Summer Design Program Crafts Its Own Mobile Dwelling
+FARM's prupose is simple in theory, complex in excution: use a short summer project to immserse students and young professionals in the design and construction process. Since 2011, the program—currently an educational institute, soon to be a non-profit—has built a number of small shelters and installations across upstate New York. +FARM explores what its director William Haskas calls "poly-authorship:" ensuring its students, some of whom don't have a design background, contribute to every step of a project's realization from concept to fabrication.
Haskas, also a Part-Time Lecturer at Parsons the New School for Design, selected a unique focus for +Farm's Summer 2015 studio: mobile housing.
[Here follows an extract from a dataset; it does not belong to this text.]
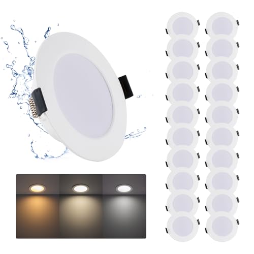 20 Pack, Led Downlight 230V, IP44 Vattentät Inbyggningsspotlight, 5W Kallvit 6000K, Badrum, Kök, Vardagsrum, Sovrum, Hål 68mm - 80mm, Diameter 90mm, 24mm Extra Platt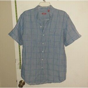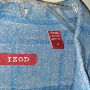 Izod linen cotton shirt mens m blue blend window pane casual quiet luxury top

When participating in a roundtable discussion with residents of Buffalo, NY, +FARM learned that tax laws don't favor new housing constructions on waterfront sites: once a resident broke ground, taxes could spike from $250 up to $15,000. The Summer 2015 Nomad Studio sought, in the Haskas' words, a new and "intelligently inhabitable environment for living." The result was dubbed "Touching Me Softly" for its soft interior; its 8ft by 5ft dimensions contains a small room that sleeps two and easily converts to a hangout space. Deployable solar panels can generate 1,000 watts and help residents cook, brew coffee, and project films (via a compact digital projector). Appropriately enough for a mobile dwelling, pits stops are streamlined thanks to a stowable chemical-free composting toilet.